Es un comportamiento esperado. Las funciones definidas por el usuario deben ser deterministas :

Las funciones definidas por el usuario deben ser deterministas. Debido a la optimización, las invocaciones duplicadas pueden eliminarse o incluso la función puede invocarse más veces de lo que está presente en la consulta.

Si desea incluir una función no determinista y preservar el resultado, debe escribir datos intermedios en un almacenamiento persistente y leerlos nuevamente. El punto de referencia o el almacenamiento en caché pueden funcionar en algunos casos simples, pero no será confiable en general.

Si el proceso ascendente es determinista (para los principiantes hay mezcla) puede intentar usar la función rand con seed , convertir a byte array y pasar a UUID.nameUUIDFromBytes .

Consulte también: Acerca de cómo agregar una nueva columna a un DataFrame existente con valores aleatorios en Scala

Nota : SPARK-20586 introdujo el indicador deterministic , que puede desactivar cierta optimización, pero no está claro cómo se comporta cuando persisted datos y se produce una pérdida de ejecutor.

Tengo un marco de datos Spark con una columna que incluye un UUID generado.
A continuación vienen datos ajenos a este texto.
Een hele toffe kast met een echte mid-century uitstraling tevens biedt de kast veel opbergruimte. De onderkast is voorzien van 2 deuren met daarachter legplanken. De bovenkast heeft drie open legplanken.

Sin embargo, cada vez que realizo una acción o transformación en el marco de datos, cambia el UUID en cada etapa.

¿Cómo puedo generar el UUID solo una vez y hacer que el UUID permanezca estático a partir de entonces?
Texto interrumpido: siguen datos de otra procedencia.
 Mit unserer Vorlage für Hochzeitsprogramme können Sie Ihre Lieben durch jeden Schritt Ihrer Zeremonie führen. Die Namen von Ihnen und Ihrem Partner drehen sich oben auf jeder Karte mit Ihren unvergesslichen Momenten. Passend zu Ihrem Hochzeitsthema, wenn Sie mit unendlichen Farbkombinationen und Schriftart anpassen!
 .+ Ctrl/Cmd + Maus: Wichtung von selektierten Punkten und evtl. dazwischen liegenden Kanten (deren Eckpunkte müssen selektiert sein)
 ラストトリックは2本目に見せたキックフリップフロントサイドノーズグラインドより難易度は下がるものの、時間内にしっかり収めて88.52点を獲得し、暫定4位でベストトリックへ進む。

Algunos ejemplos de código para volver a producir mi problema están a continuación:

def process(spark: SparkSession): Unit = { import spark.implicits._ val sc = spark.sparkContext val sqlContext = spark.sqlContext sc.setLogLevel("OFF") // create dataframe val df = spark.createDataset(Array(("a", "1"), ("b", "2"), ("c", "3"))).toDF("col1", "col2") df.createOrReplaceTempView("df") df.show(false) // register an UDF that creates a random UUID val generateUUID = udf(() => UUID.randomUUID().toString) // generate UUID for new column val dfWithUuid = df.withColumn("new_uuid", generateUUID()) dfWithUuid.show(false) dfWithUuid.show(false) // uuid is different // new transformations also change the uuid val dfWithUuidWithNewCol = dfWithUuid.withColumn("col3", df.col("col2")+1) dfWithUuidWithNewCol.show(false) }

El resultado es:

+----+----+ |col1|col2| +----+----+ |a |1 | |b |2 | |c |3 | +----+----+ +----+----+------------------------------------+ |col1|col2|new_uuid | +----+----+------------------------------------+ |a |1 |a414e73b-24b8-4f64-8d21-f0bc56d3d290| |b |2 |f37935e5-0bfc-4863-b6dc-897662307e0a| |c |3 |e3aaf655-5a48-45fb-8ab5-22f78cdeaf26| +----+----+------------------------------------+ +----+----+------------------------------------+ |col1|col2|new_uuid | +----+----+------------------------------------+ |a |1 |1c6597bf-f257-4e5f-be81-34a0efa0f6be| |b |2 |6efe4453-29a8-4b7f-9fa1-7982d2670bd6| |c |3 |2f7ddc1c-3e8c-4118-8e2c-8a6f526bee7e| +----+----+------------------------------------+ +----+----+------------------------------------+----+ |col1|col2|new_uuid |col3| +----+----+------------------------------------+----+ |a |1 |00b85af8-711e-4b59-82e1-8d8e59d4c512|2.0 | |b |2 |94c3f2c6-9234-4fb3-b1c4-273a37171131|3.0 | |c |3 |1059fff2-b8f9-4cec-907d-ea181d5003a2|4.0 | +----+----+------------------------------------+----+

Tenga en cuenta que el UUID es diferente en cada paso.